Dongfang Bu Bai meselesini hallettikten sonra Jun Mo Xie başarı hissiyle gururla gülümsedi. Etrafındaki yüzleri incelediğinde, herkesin onayladığı görülüyordu. Belli ki Jun Mo Xie'nin seçtiği "Dongfang Bu Bai" isminden çok memnunlardı...

Kudretli Dongfang Ailesi en azından bu seviyede otoriter bir tavra sahip olmalı!

Doğudan doğan Güneş gibi yenilmezim!

Torunlarının böylesine zalim bir isim alması, Dongfang Ailesi için çok büyük bir hediyeydi!

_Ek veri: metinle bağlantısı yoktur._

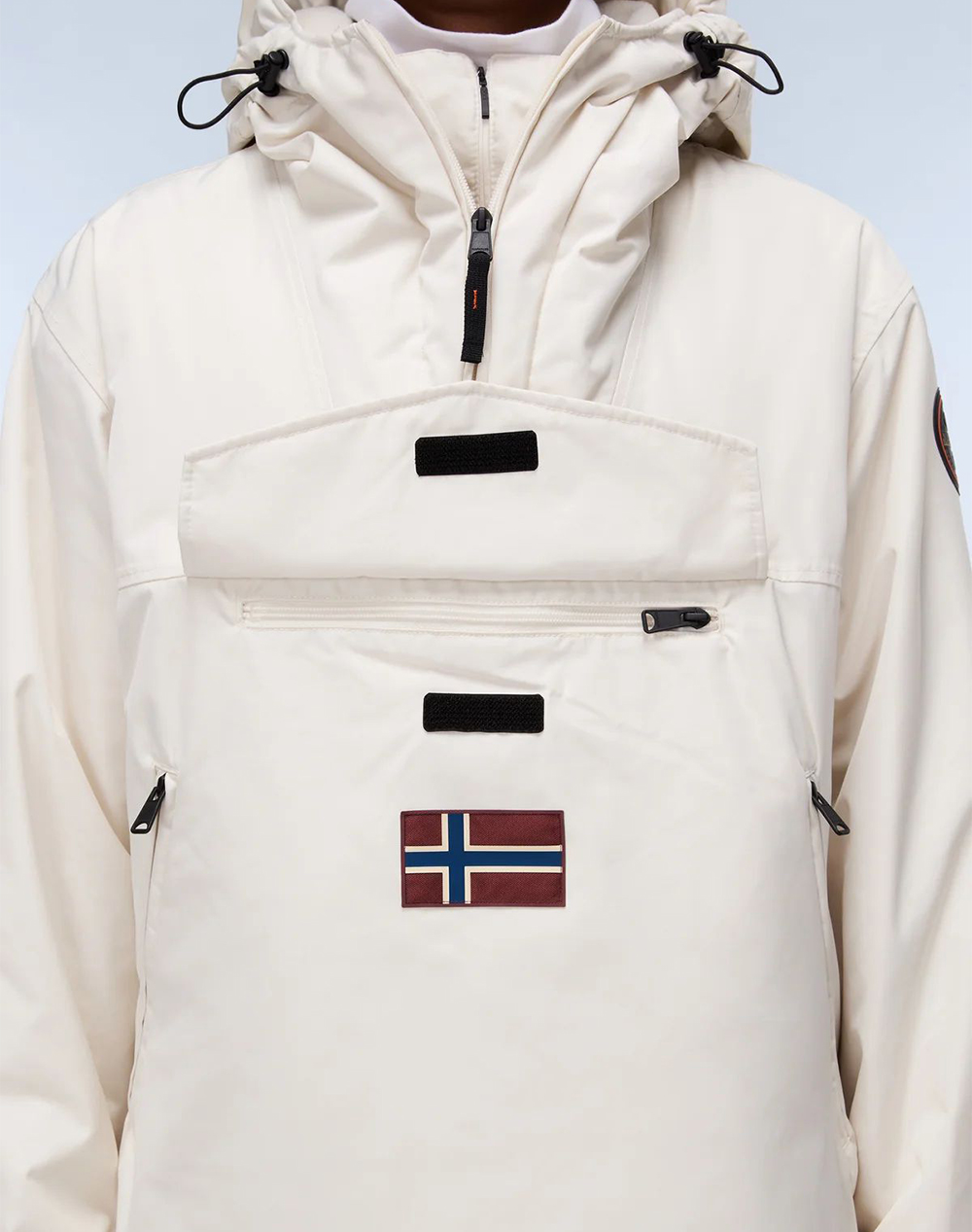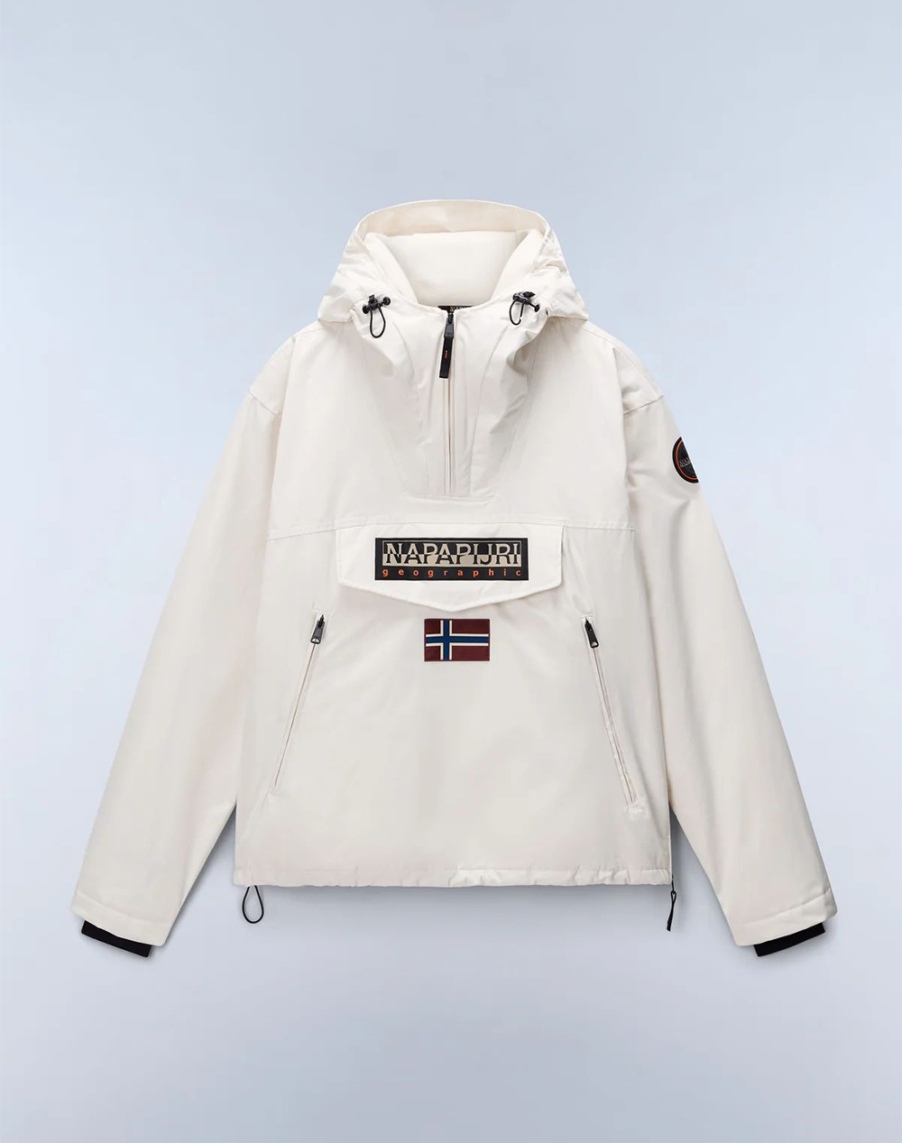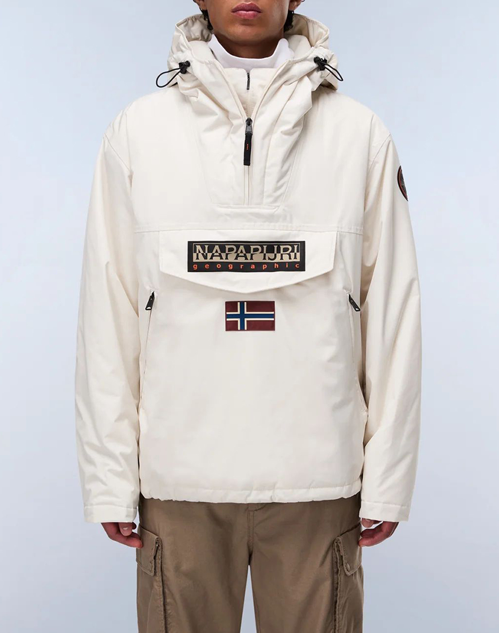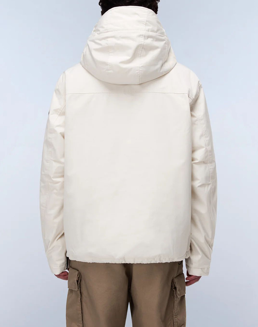Men's anorak, waterproof, in an oversized line, with adjustable hood and zipper closure on the sides. (Composition: 100% Recycled Polyester)

"Çok iyi!" Dongfang Wen Qing'in gözleri parlayarak, "Bu ifade gerçekten de son derece otoriter, ancak bu velet Xiao Huai hala bunu taşıyacak kadar uygun değil! Bu isim tüm Dongfang Ailemize ait olacak! Daha sonra, bu sözleri büyük bir kaya parçasına kazıması ve Dongfang 3 Ailemizin kapısının önüne dikmesi için birini göndereceğim ve sonsuza dek orada duracak!"